Diabetic nephropathy tends to develop more readily in patients with a family history of hypertension and/or disturbances
in sodium transport across the plasma membrane. This prompted us to study the renal effects of diabetes mellitus in a rat
strain which is predisposed to develop salt-sensitive hypertension, the Dahl salt-sensitive rat. Diabetes is associated with
several aberrations in the renal handling of sodium, such as elevation of tubular Na
+, K
+ATPase activity. This effect was more pronounced in Dahl salt-sensitive than in Dahl salt-resistant rats. Severe renal lesions,
characteristic of the advanced phase of diabetic nephropathy are very rarely observed in rats with streptozotocin diabetes.

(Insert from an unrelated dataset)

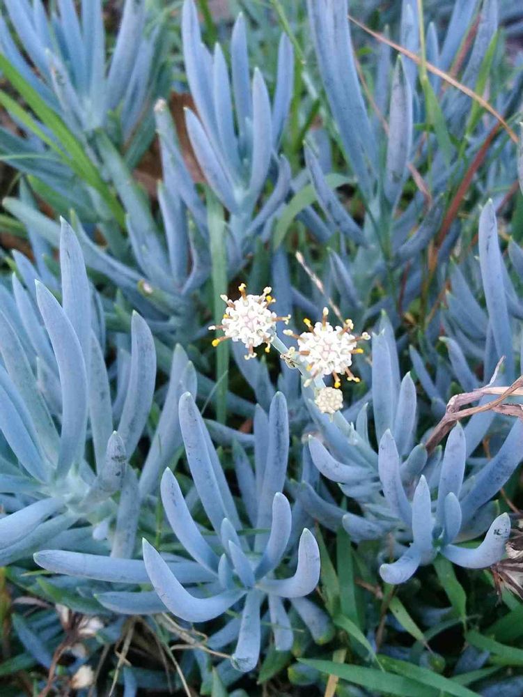 時々白い花をヒョロ〜ンと咲かせます。青白いセネシオに白いホタルが飛んでいるみたい🤗。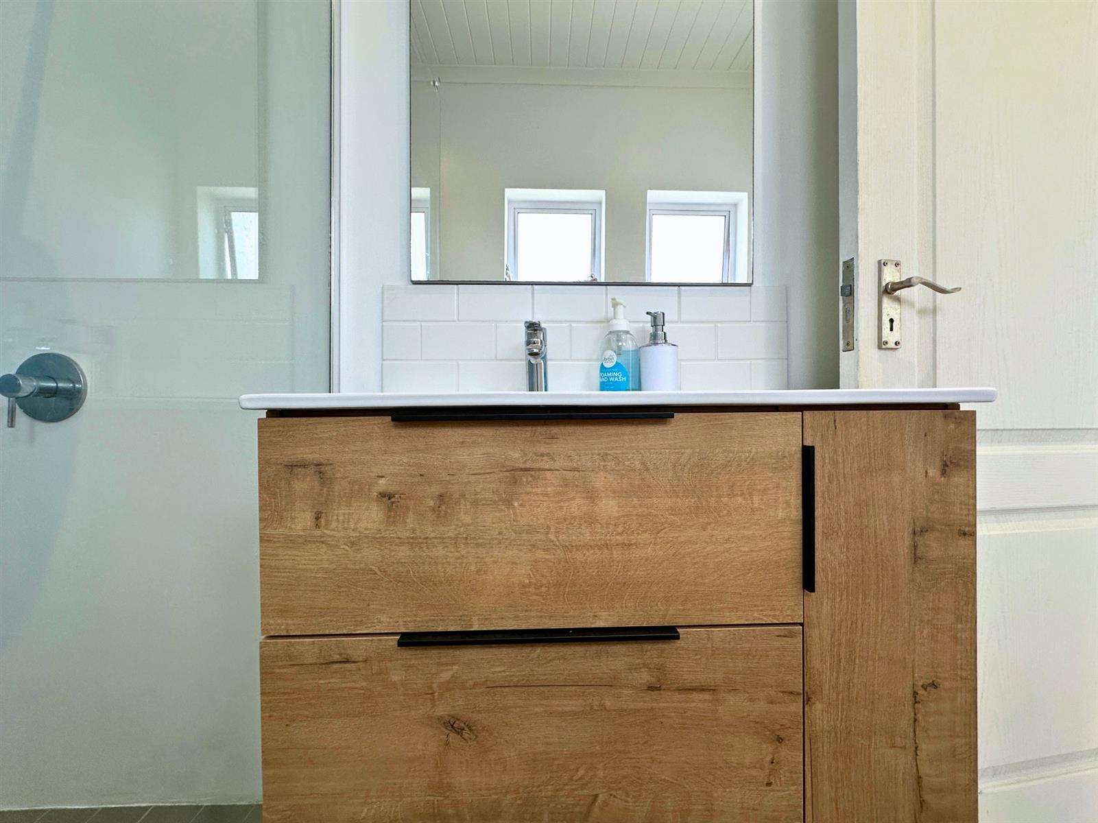 Inside, the studio stays cool thanks to built-in air-conditioning (a real win in recent summers). The bathroom is a calm, cheerful space with a blue tiled accent wall, good natural light, and practical storage. With nothing unnecessary competing for attention, it’s a bathroom that brings clarity to those morning shower thoughts.

However, 2 months after induction of diabetes, the Dahl salt-sensitive rats had morphological signs of advanced glomerular
disease. The urinary albumin concentration was very high, but did not correlate with the blood pressure. Non-diabetic Dahl
salt-sensitive rats as well as Dahl salt-resistant diabetic and non-diabetic rats had little or no signs of glomerular disease
and consistently very low urinary albumin concentrations. [Diabetologia (1997) 40: 367–373]
Keywords Dahl rats - salt sensitivity - diabetic nephropathy.